ElShotte ElShotte said:

The reason I wrote out megabytes, gigabytes and gigabits is because a lot of people get them all confused.

1 GB (Gigabyte) = 8 Gb (Gigabits). 1 GB = 1024 megabytes. If I'm not mistaken, GB are used when measuring size, and Gb are used when measuring bandwidth.

ElShotte ElShotte said:

There's no edit button on replies? Really?

Guest said:

You can edit your post by looking for it in the forum.

Guest said:

You can edit by going here:

[link]

ElShotte ElShotte said:

Ok sweet. No "Delete" button though, so no point in consolidating all my replies into 1 if I can't delete it anyway.

Guest said:

Someone said bigabites are used for size and bigabits are used for speed. Can you also use gigabytes per second or gigabits per second. Is ether still valid. Also the same is true for size you can have gigabits or gigabytes. hehehe confused yet.

Guest said:

Technically if you are using base 2 (e.g. 1024), then it's Gib, GiB... Gb and GB are base 10.

Jibberish18 said:

That chart is AWESOME.

Guest said:

Now, didn't they make some similar claims about SSDs long before they arrived on the scene? I recall something about ten to twenty year lifespans. As we've discovered, that was bull. I kinda expect this to go the same way. If we're LUCKY we might start seeing five years warranties.

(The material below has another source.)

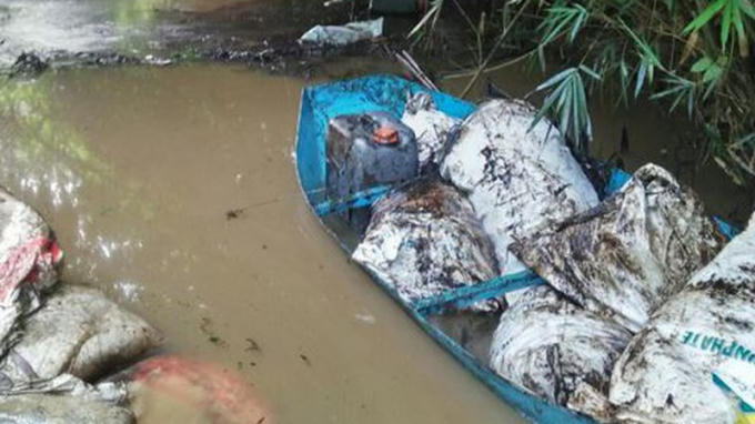 Bức hình được cho là ghi lại cảnh thuyền chở dầu phế thải trên suối Trâm (xã Phú Minh, huyện Kỳ Sơn, Hòa Bình) ngày 9/10

If this new tech will actually have a 20 year warranty, then I'll be first in line.

Guest said:

I wonder what primary school is this "research" from. "MRU" Algorithm, my God! This revolutionary approach was called "smartdrive" in DOS some 25 years ago, and now is an integral part of any operating system, it's called "disk caching".

Guest said:

Per module, and there are several.

Guest said:

Not quite.

6Gb/s is the potential transfer speed of the Data Bus, not the read/write speed of the drive. Most SSDs struggle to utilize the 3Gb/s offered by SATA II. 3Gb/s is GigaBits, not GigaBytes (though we may all wish it was bytes instead of bits). There are 8 Bits in a Byte, so 3Gb/s is actually a data transfer rate around 384 MegaBytes a second (going by pure theoretical limits and math - the rate in reality is usually lower due to system bottle necks). Up to 11x faster would be around 33 GigaBits a second. Again, by pure theoretical work, and that is just the speed the bus would be able to produce (bottle necks and all) in order to make full use of the drive speed - the actual Bus it would be one would probably be operating at a minimum of 48Gb/s (going by the observance that Moore's Law also applies to data bus speed growths, doubling each generation, with each generation being about two years apart)

So, still very fast, faster than most consumer computer can even process data. I'm predicting we're still 10 years off, and will probably have to see electrical data transfers (in-system) replaced with an optical system of some form.

Guest said:

No, that's all wrong. I don't know where you got this rubbish.

Guest said:

think it's time to add builtin fiber connections!!